Mesoscale eddies are ubiquitous small-scale swirling motions in the world ocean¹—sometimes called the weather of the ocean. Despite their small size, ocean eddies are crucial for transporting heat, salt, carbon, oxygen and nutrients in the ocean and regulating air–sea feedbacks, which in turn have a substantial impact on the Earth’s climate and ecosystems^{2,3,4,5,6,7,8}. Satellite altimetry records reveal that ocean eddy activity increased by 2–5% per decade in eddy-rich regions of the world ocean from 1993 to 2020⁹. High-resolution climate model simulations project that ocean surface eddy kinetic energy (EKE) will continue to intensify in most of the eddy-rich regions in response to future warming, except for the North Atlantic¹⁰. However, existing knowledge of possible future changes in ocean eddy activity in the Arctic, the region undergoing some of the most dramatic climate change, is very limited partly due to the difficulty in simulating Arctic Ocean mesoscale eddies with a typical size of about ten kilometres or smaller^{11,12,13,14,15}. Resolving these eddies requires kilometre-scale resolutions, which are far beyond the capability of the Coupled Model Intercomparison Project (CMIP6) models that were used to inform the last IPCC Assessment Report. Moreover, available observations of Arctic eddies are severely limited due to the remoteness, harshness and sea ice coverage of the Arctic Ocean¹⁶.

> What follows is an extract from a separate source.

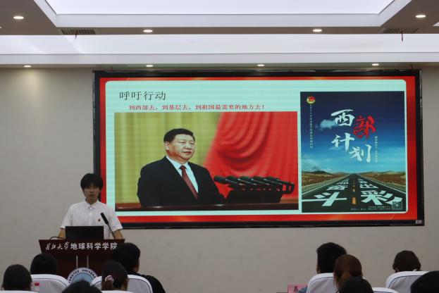 在主题分享环节,来自新疆的马英俊杰同学结合家乡的发展现状,阐述了边疆建设的时代意义。他表示,作为地信学子,他将努力学习专业知识,毕业后回到家乡,为家乡的发展贡献青春力量。随后,薛心怡同学系统解读了西部计划政策,围绕“政策支持与保障、服务地选择与岗位、整体报考流程、备考策略”四个方面展开。她认为西部计划不仅是志愿服务,更是青年将个人理想融入国家战略的关键通道。
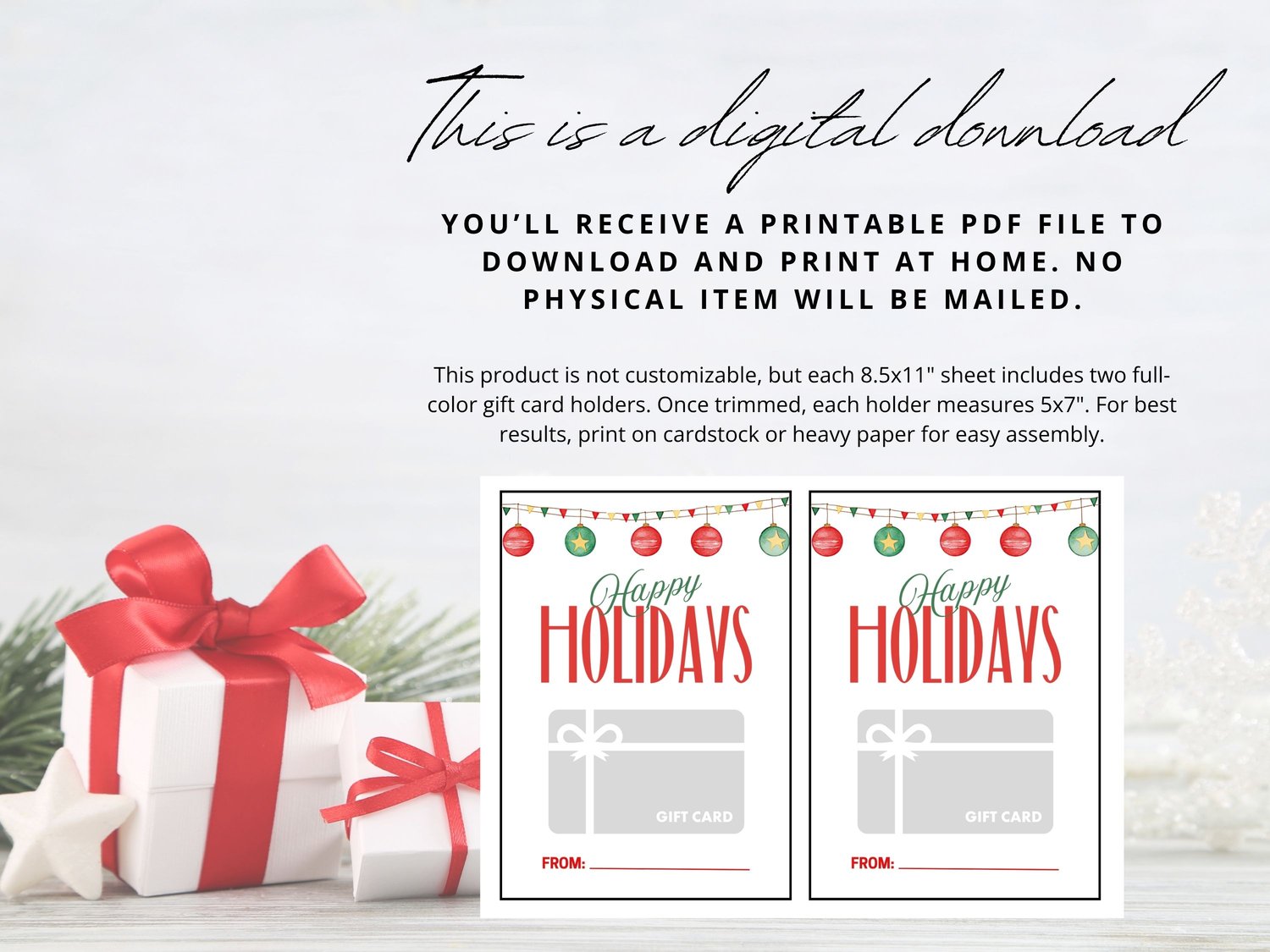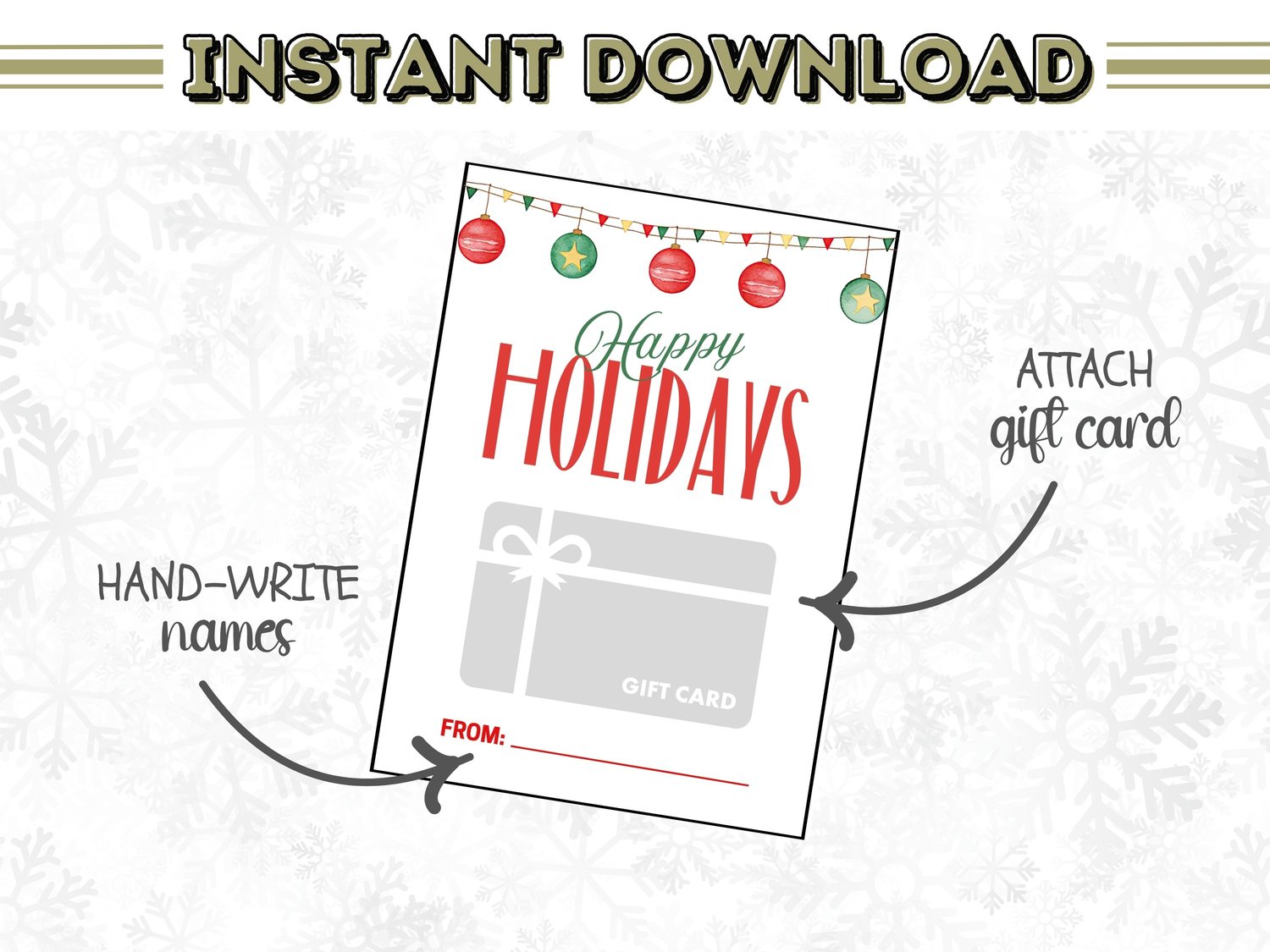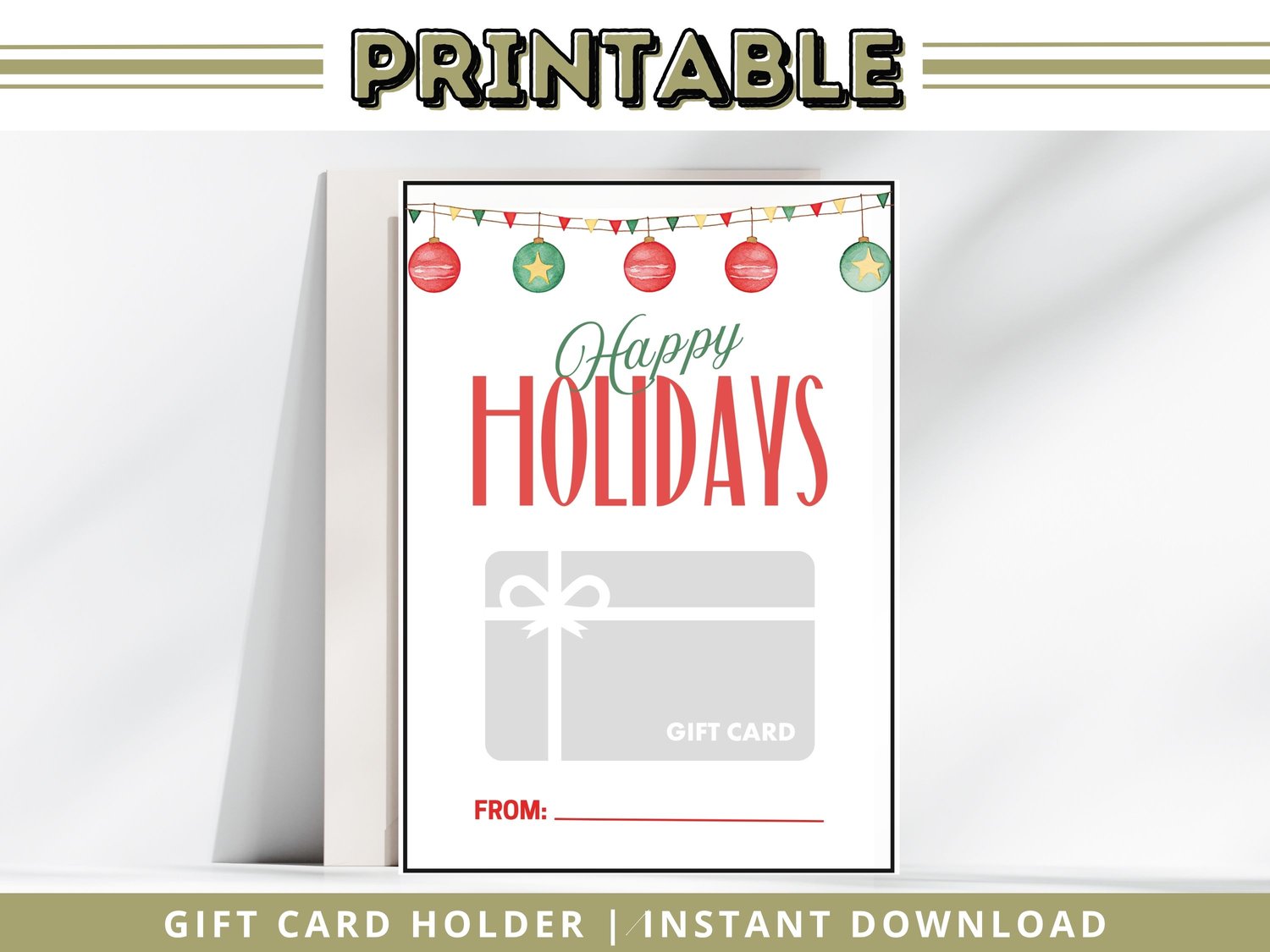 Happy Holidays Gift Card Holder Printable – Christmas Gift Card Template – Instant Download

Despite being sparse in space and time, the available observations of Arctic Ocean eddies do indicate that eddies play a crucial role in Arctic halocline properties and marine ecosystems, specifically by transporting water masses with varying properties between Arctic continental shelves and the deep basin^17,18,19. Eddy fluxes may also be one of the main factors influencing freshwater storage and circulation strength in the Beaufort Gyre^20,21, the largest freshwater reservoir in the Arctic, which is relevant to climate^22,23,24,25. Sea ice, a unique feature in high latitudes, contributes to the dissipation of near-surface eddies and prevents their growth²⁶. Sea ice decline may thus lead to an increase in Arctic eddy activity^26,27,28,29. It has been argued that eddy activity in the western Arctic strengthened in response to increases in freshwater content over the past two decades on the basis of estimates of ocean energy budget²⁸. At the same time, it was suggested that the increase of baroclinic instability and eddy activity in the Beaufort Gyre is relatively small due to the spatial expansion of the gyre during its spin-up³⁰. There is therefore still a lack of consensus about current changes in eddy activity in the western Arctic. Long-term changes in eddy activity in other Arctic regions are even less well understood.

Over the past few decades, the lower atmosphere in the Arctic has been warming at an alarming rate^31,32. At the same time, Arctic sea ice has undergone a notable decline^33,34. Warming signals are also evident in various regions and depth ranges of the Arctic Ocean^{35,36,37,38,39}. These marked changes in the atmosphere, sea ice and ocean in the Arctic are interrelated⁴⁰. As the Arctic physical environment continues to change, there is reason to expect that the eddy activity in the Arctic will change in concert. The level of understanding that the scientific community has about the evolution of Arctic Ocean eddy activity is not commensurate with the importance of Arctic climate change.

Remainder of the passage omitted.